Cartilage as a site of TASK-2 expression revealed by β-galactosidase activity in TASK-2 KO mice. Skeletons from WT (A) and TASK-2 KO (B) mice were prepared by clearing and decalcification followed by staining for X-gal (blue). The KO mouse was generated by a gene-trap approach where the trapping vector encodes a β-galactosidase/neomycin resistance fusion protein (Araki et al., 2009).
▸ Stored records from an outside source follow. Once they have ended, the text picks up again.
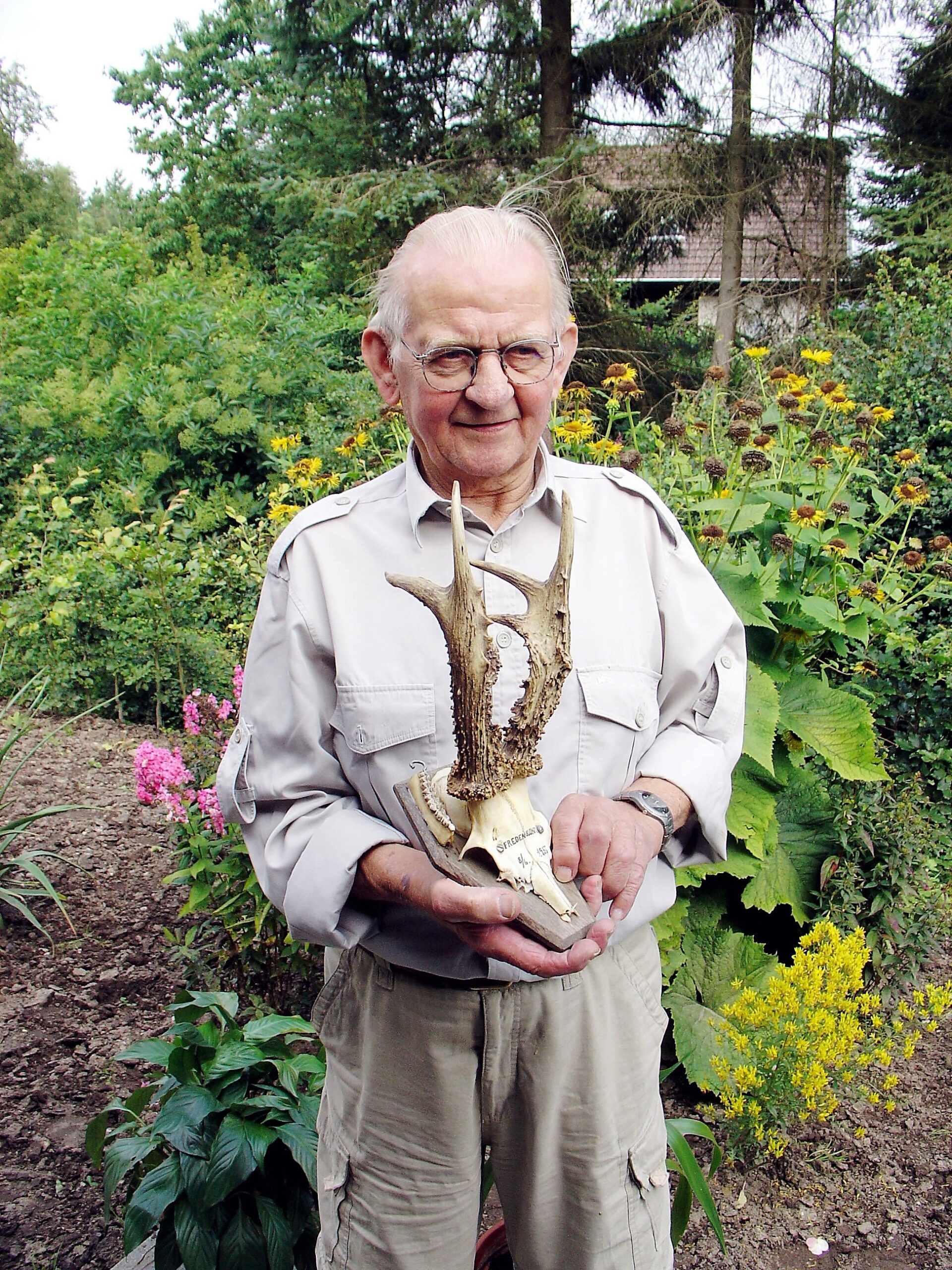 Afdøde Jens Hjort ses her i 2005 med den stærke opsats fra sin far, Knud Hjorths buk. Fordi den først blev opmålt i 1956, er det ikke utænkeligt, at den har færre point, end hvis den var blevet opmålt 90 dage efter, at den var blevet afkogt og renset i 1955. Privatfoto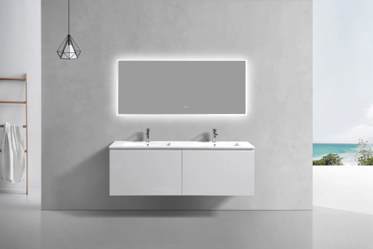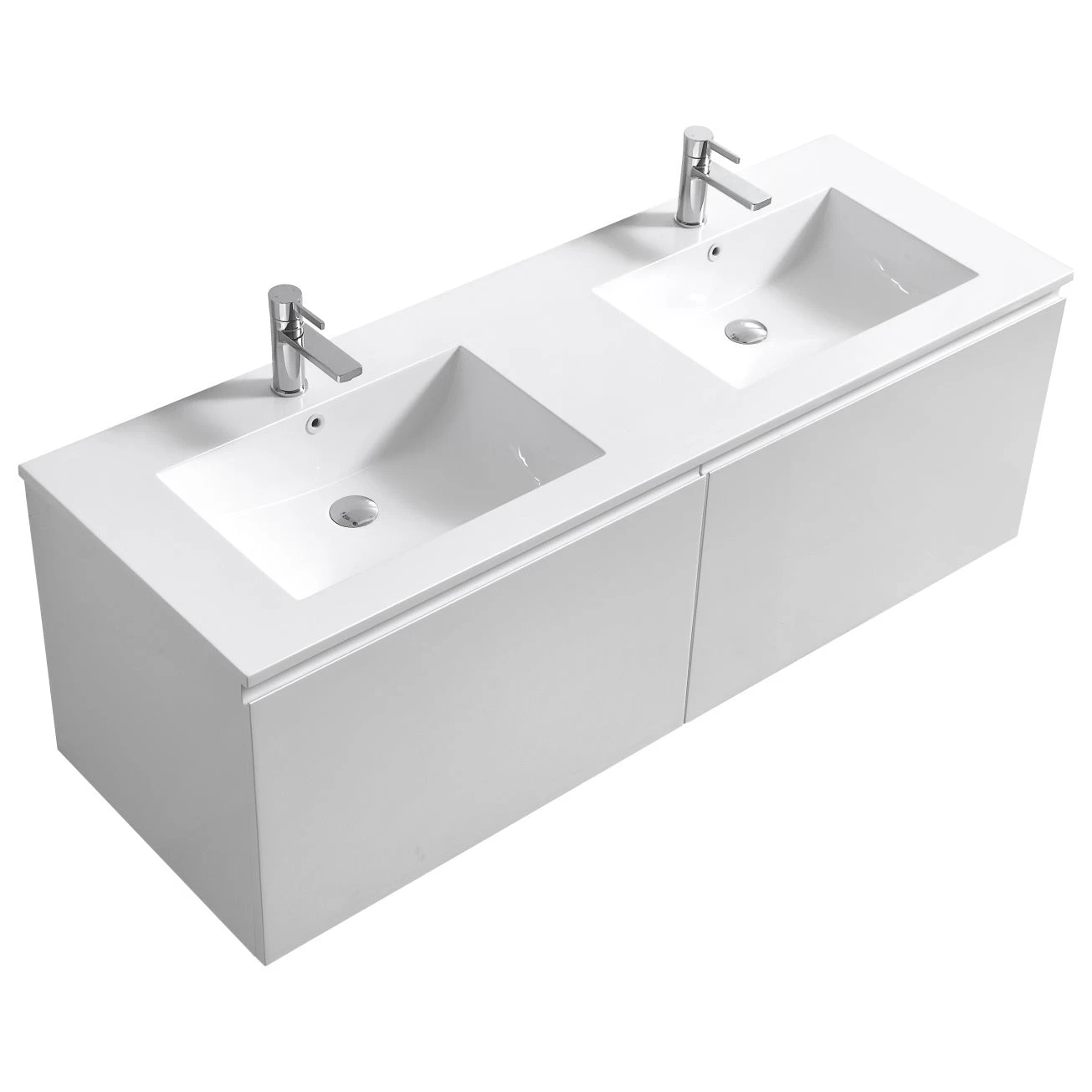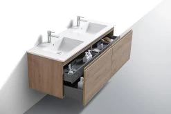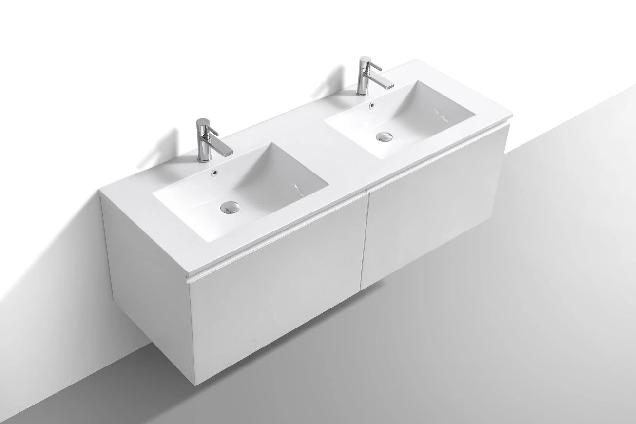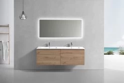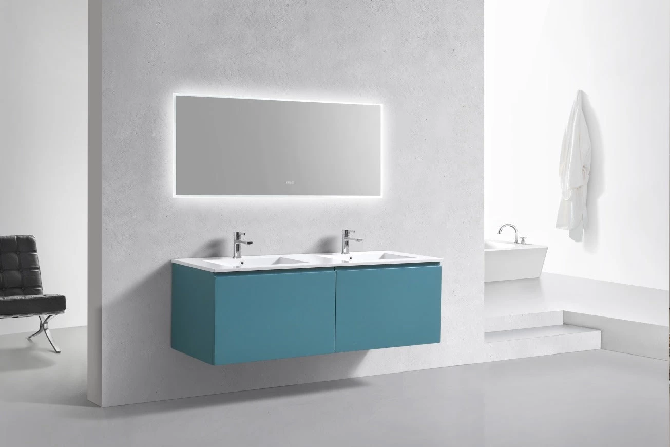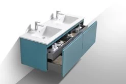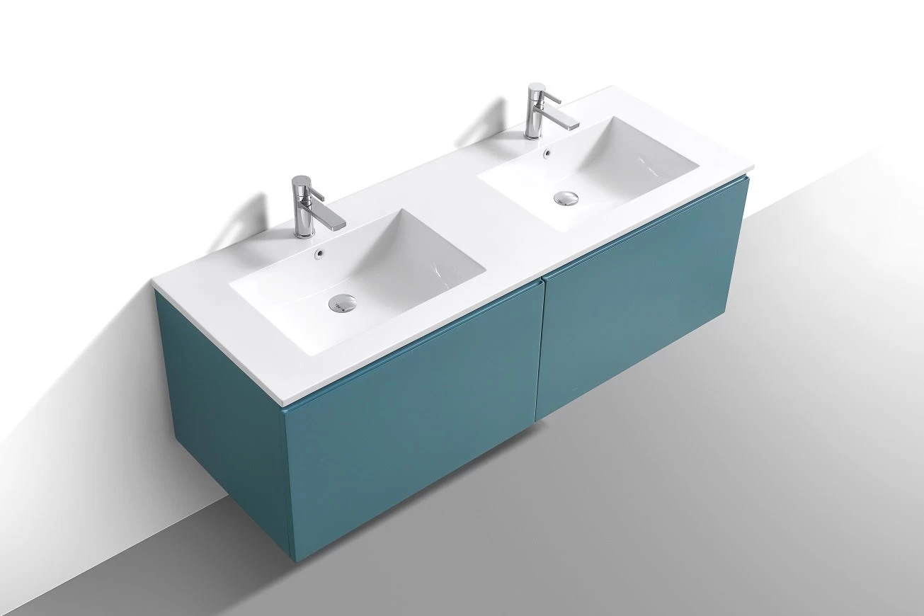 This Floating Wall-Mounted bathroom vanity features the large cupboard with one spacious drawer and one inner drawer for storing bathroom essentials. The clean, contemporary lines are enhanced by a crisp white integrated sink. Available in Gloss White, White Oak and Teal Green Finishes.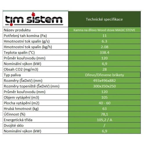 TIM SISTEM, krbová kamna na TP Magic Stove, 6,9 kW, modrá

The enzyme is expressed under the control of the TASK-2 promoter and therefore the β-galactosidase activity reflects sites of endogenous TASK-2 gene expression.

Figure 4

TASK-2 expression in hyaline cartilage from trachea and articular surface of the knee. (A,B) are images of whole trachea stained with X-gal in wild type and heterozygous TASK-2^(+/−) mice, respectively. The signal is present in the cartilage rings. In (D) the image demonstrates staining in chondrocytes [(C): wild-type control]. (E,F): images obtained from control and heterozygous TASK-2^(+/−) mouse knees. The macroscopic staining in the area of the epiphyseal growth plate observed in WT knee corresponds to cells that are expressing endogenous mammalian ß-gal activity, most likely osteoclasts (Kopp et al., 2007). Bars in (C,D) correspond to 25 μm.